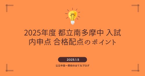2025年度(令和7年度)の都立中高一貫校受検にあたり、内申点の配点割合から合格可能性を考えたいと思います。 今回は、東京都立南多摩中等教育学校について考えてみたいと思います。 都立中受検の内申点は年度により見直しが行われますが、2025年度(令和7…
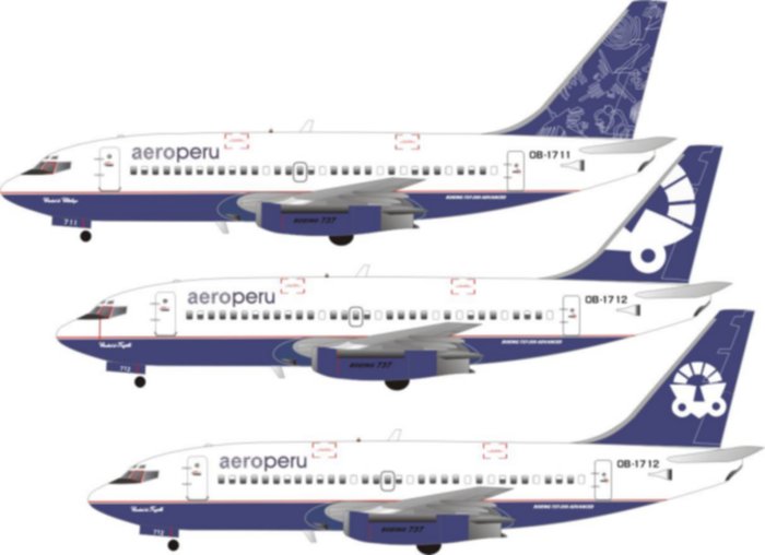 Aeroperú 737-200´s used three different schemes, two experimental as shown in the first two drawings below before they were repainted to their final scheme as shown by the third aircraft until the company ceaced operations
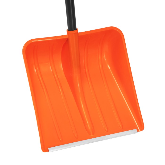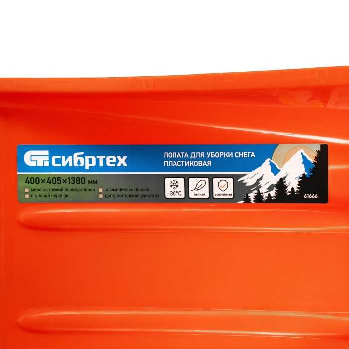 Пластиковая лопата Сибртех 61666 размером 400 х 405 х 1380 мм, со стальным черенком, используется для уборки снега на занесенных дорожках, тротуарах, подъездных путях. Вместительный усиленный ковш с высокими бортиками позволяет быстро справиться с работой.ПреимуществаНадежность — рабочая плоскость, усиленная ребрами жесткости, выдерживает повышенные нагрузки без риска излома.Высокий ресурс — ковш из морозостойкого полипропилена сохраняет рабочие свойства при температуре до -30 °C.Устойчивость к истиранию — кромка ковша защищена алюминиевой окантовкой, которая легко проникает в плотный снег и наст.Защита от механических воздействий и коррозии — алюминиевая накладка покрыта порошковой эмалью.
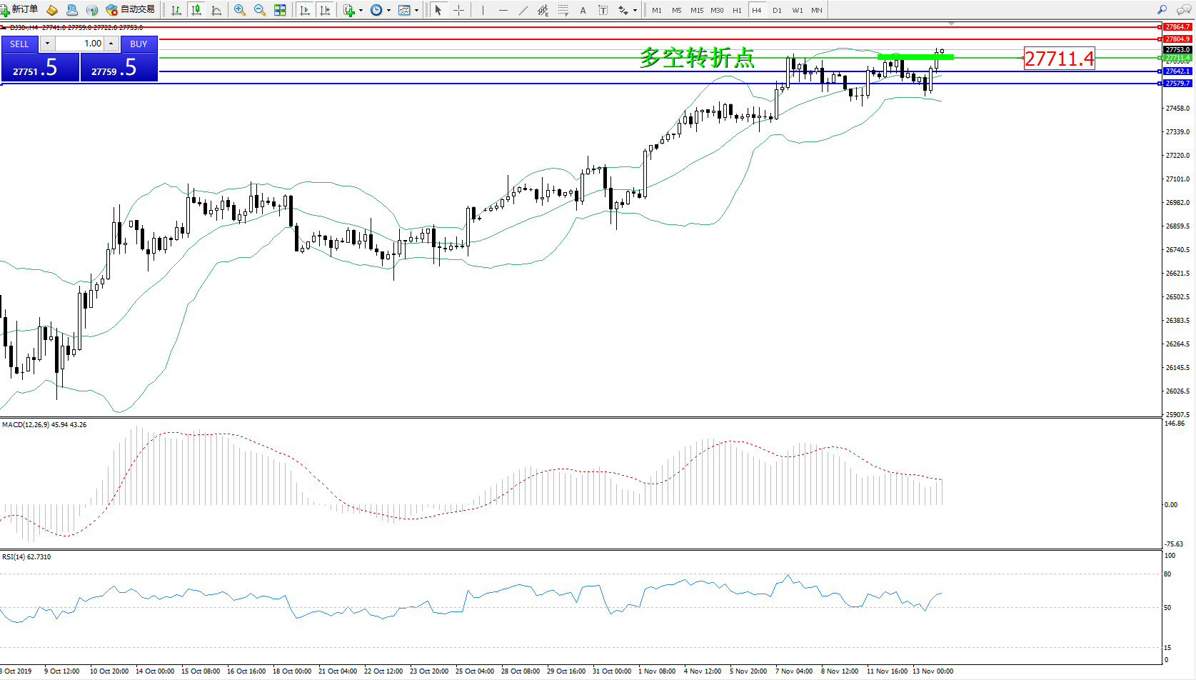 道琼斯指数1113日(周三)收盘上涨92.10点,涨幅0.33%,报27783.59点。美国CPI数据整体好坏参半,全球贸易局势利好。美债收益率普遍下跌;30年期美债收益率跌超7个基点,现报2.343%。美联储主席鲍威尔:与过去相比,美联储没有降息空间,就业市场没有释放过热的信号,美国经济能很好的应对更低的失业率。
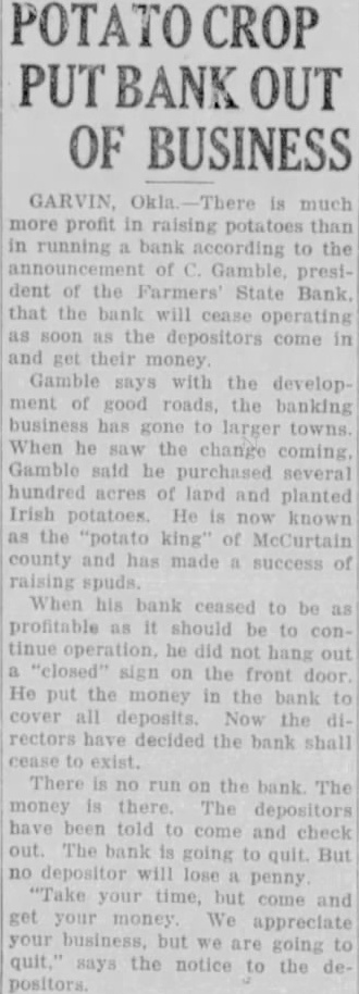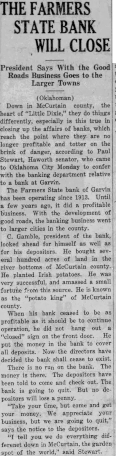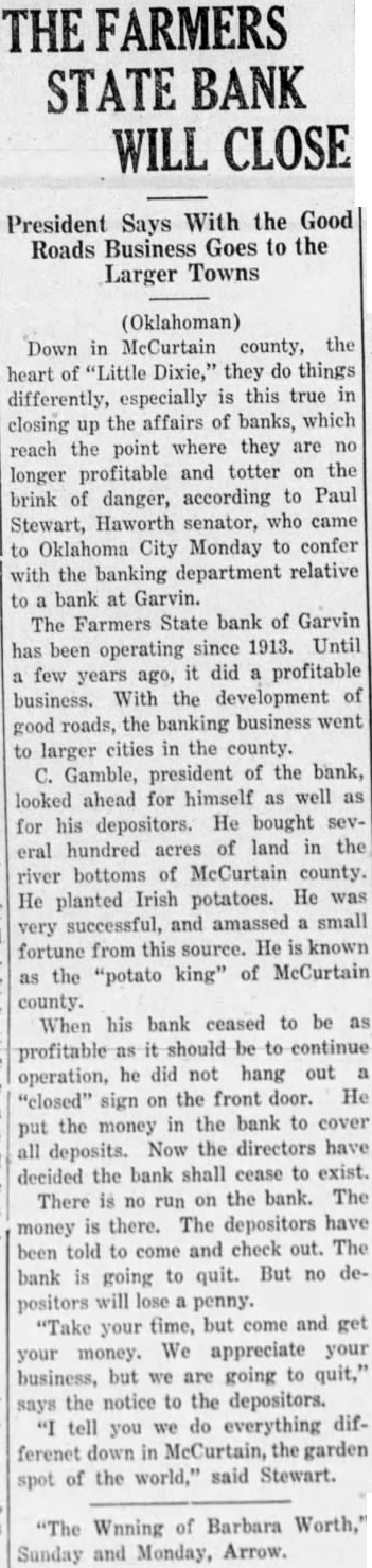 THE FARMERS STATE BANK WILL CLOSE President Says With the Good Roads Business Goes to the Larger Towns (Oklahoman) Down in McCurtain county, the heart of "Little Dixie," they do things differently, especially is this true in closing up the affairs of banks, which reach the point where they are no longer profitable and totter on the brink of danger, according to Paul Stewart, Haworth senator, who came to Oklahoma City Monday to confer with the banking department relative to a bank at Garvin. The Farmers State bank of Garvin has been operating since 1913. Until a few years ago, it did a profitable business. With the development of good roads, the banking business went to larger cities in the county. C. Gamble, president of the bank, looked ahead for himself as well as for his depositors. He bought several hundred acres of land in the river bottoms of McCurtain county. He planted Irish potatoes. He was very successful, and amassed a small fortune from this source. He is known as the "potato king" of McCurtain county. When his bank ceased to be as profitable as it should be to continue operation, he did not hang out a "closed" sign on the front door. He put the money in the bank to cover all deposits. Now the directors have decided the bank shall cease to exist. There is no run on the bank. The money is there. The depositors have been told to come and check out. The bank is going to quit. But no depositors will lose a penny. "Take your time, but come and get your money. We appreciate your business, but we are going to quit," says the notice to the depositors. "I tell you we do everything differenet down in McCurtain. the garden spot of the world," said Stewart.

TASK INSTRUCTIONS
Set down the entire material verbatim, with each picture left out.

ANSWER SECTION
2025年度(令和7年度)の都立中高一貫校受検にあたり、内申点の配点割合から合格可能性を考えたいと思います。 今回は、東京都立南多摩中等教育学校について考えてみたいと思います。 都立中受検の内申点は年度により見直しが行われますが、2025年度(令和7…
 Aeroperú 737-200´s used three different schemes, two experimental as shown in the first two drawings below before they were repainted to their final scheme as shown by the third aircraft until the company ceaced operations
 Пластиковая лопата Сибртех 61666 размером 400 х 405 х 1380 мм, со стальным черенком, используется для уборки снега на занесенных дорожках, тротуарах, подъездных путях. Вместительный усиленный ковш с высокими бортиками позволяет быстро справиться с работой.ПреимуществаНадежность — рабочая плоскость, усиленная ребрами жесткости, выдерживает повышенные нагрузки без риска излома.Высокий ресурс — ковш из морозостойкого полипропилена сохраняет рабочие свойства при температуре до -30 °C.Устойчивость к истиранию — кромка ковша защищена алюминиевой окантовкой, которая легко проникает в плотный снег и наст.Защита от механических воздействий и коррозии — алюминиевая накладка покрыта порошковой эмалью.
 道琼斯指数1113日(周三)收盘上涨92.10点,涨幅0.33%,报27783.59点。美国CPI数据整体好坏参半,全球贸易局势利好。美债收益率普遍下跌;30年期美债收益率跌超7个基点,现报2.343%。美联储主席鲍威尔:与过去相比,美联储没有降息空间,就业市场没有释放过热的信号,美国经济能很好的应对更低的失业率。
 THE FARMERS STATE BANK WILL CLOSE President Says With the Good Roads Business Goes to the Larger Towns (Oklahoman) Down in McCurtain county, the heart of "Little Dixie," they do things differently, especially is this true in closing up the affairs of banks, which reach the point where they are no longer profitable and totter on the brink of danger, according to Paul Stewart, Haworth senator, who came to Oklahoma City Monday to confer with the banking department relative to a bank at Garvin. The Farmers State bank of Garvin has been operating since 1913. Until a few years ago, it did a profitable business. With the development of good roads, the banking business went to larger cities in the county. C. Gamble, president of the bank, looked ahead for himself as well as for his depositors. He bought several hundred acres of land in the river bottoms of McCurtain county. He planted Irish potatoes. He was very successful, and amassed a small fortune from this source. He is known as the "potato king" of McCurtain county. When his bank ceased to be as profitable as it should be to continue operation, he did not hang out a "closed" sign on the front door. He put the money in the bank to cover all deposits. Now the directors have decided the bank shall cease to exist. There is no run on the bank. The money is there. The depositors have been told to come and check out. The bank is going to quit. But no depositors will lose a penny. "Take your time, but come and get your money. We appreciate your business, but we are going to quit," says the notice to the depositors. "I tell you we do everything differenet down in McCurtain. the garden spot of the world," said Stewart.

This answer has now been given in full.